Explanation -- The suits and proceedings referred to in this sub-section are suits and proceedings of the following nature, namely :

"(a) a suit or proceeding between the parties to a marriage for decree of a nullity marriage (declaring the marriage to be null and void or, as the case may be, annulling the marriage) or restitution of conjugal rights or judicial separation or dissolution of marriage;

(b) a suit of proceeding for a declaration as to the validity of a marriage or as to the matrimonial status of any person;

(c) a suit or proceeding between the parties to a marriage with respect to the property of the parties or of either of them;

(d) a suit or proceeding for an order or injunction in circumstances arising out of a marital relationship;

(e) a suit or proceeding for a declaration as to the legitimacy of any person;

(f) a suit or proceeding for maintenance;

(g) a suit or proceeding in relation to the guardianship of the person or the custody-of, or access to, any minor."
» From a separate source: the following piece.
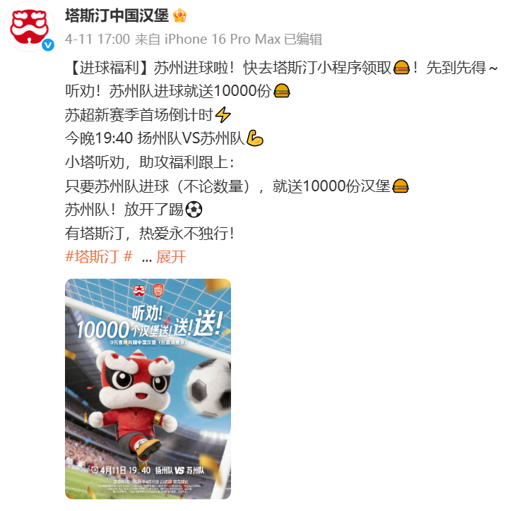 正式开赛,塔斯汀化身成球场外苏州队的拉拉队,还提供“进球福利”,限量汉堡送,庆祝苏州队赢球。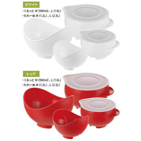 食材を入れてくるっと返せばボウルにもザルにもなる「くるっと(M&L)」と、電子レンジで調理できるフタつきボウルの「たれーぬ(M&L)」の4点セット。

11. Now, as can be seen, as far as the first four clauses of explanation i.e. (a) to (d) are concerned, they are by and large concerning matrimonial proceedings. However, Sub-clauses (e), (f) and (g) are concerning declaration of legitimacy of a person and concerning maintenance and guardianship. They are specifically included so that these kinds of controversies are also decided in the same Court rather than driving parties to file proceedings in the Civil Court for that purpose. As noted from the preamble, a Family Court is also a Court for resolving disputes relating to the family affairs and for matters connected therewith. A suit or proceeding for maintenance by the daughters against their father would certainly fall in Clause (f) of the Explanation to Section 7. On this question also, we are of the view that the controversy could be and was rightly taken to the Family Court.

12. In the circumstances, we are of the view that the learned Judge was in error in coming to the conclusion that the petitions did not disclose any causes of action. Mr. Anturkar has drawn our attention to paragraph 17 of the petitions which in clear terms states that both the daughters are not gainfully employed anywhere and, therefore, they were in need of assistance from their father. Mr. Patil, the learned Counsel for the respondent, submitted that both the husband and wife were financially well off and the daughters had a good fund at their disposal. Mr. Anturkar denied the submission as far as the daughters (i.e. the petitioners) are concerned and submitted that the maintenance amount required will have to be related to the status to which the parties are accustomed to and it is in that context that one will have to see as to whether the petitioners were able to maintain themselves out of their earnings or property. In our view, the submission of Mr. Anturkar requires acceptance. In view of the averments in the petitions, it could not be said that the petitions did not disclose any cause of action. The learned Judge has erred in holding to the contrary. Besides, the required maintenance will relate to the status of the parties. The Judge will have to decide the petitions in that context and the sufficiency of their earnings or property, if any, for that purpose. We, therefore, set aside this order passed by the learned Judge of the Family Court, Pune, dismissing both these petitions. We allow both these Appeals. Both these petitions bearing Nos. P.C. No. 24 of 2001 and P.C. No. 25 of 2001 will stand restored to the file of the Family Court. The learned Judge will now proceed to decide in the light of above discussion as to whether any maintenance should be awarded to the petitioners and if so, what amount. There will be no order as to costs. The learned Judge will endeavour to hear and decide both these petitions expeditiously.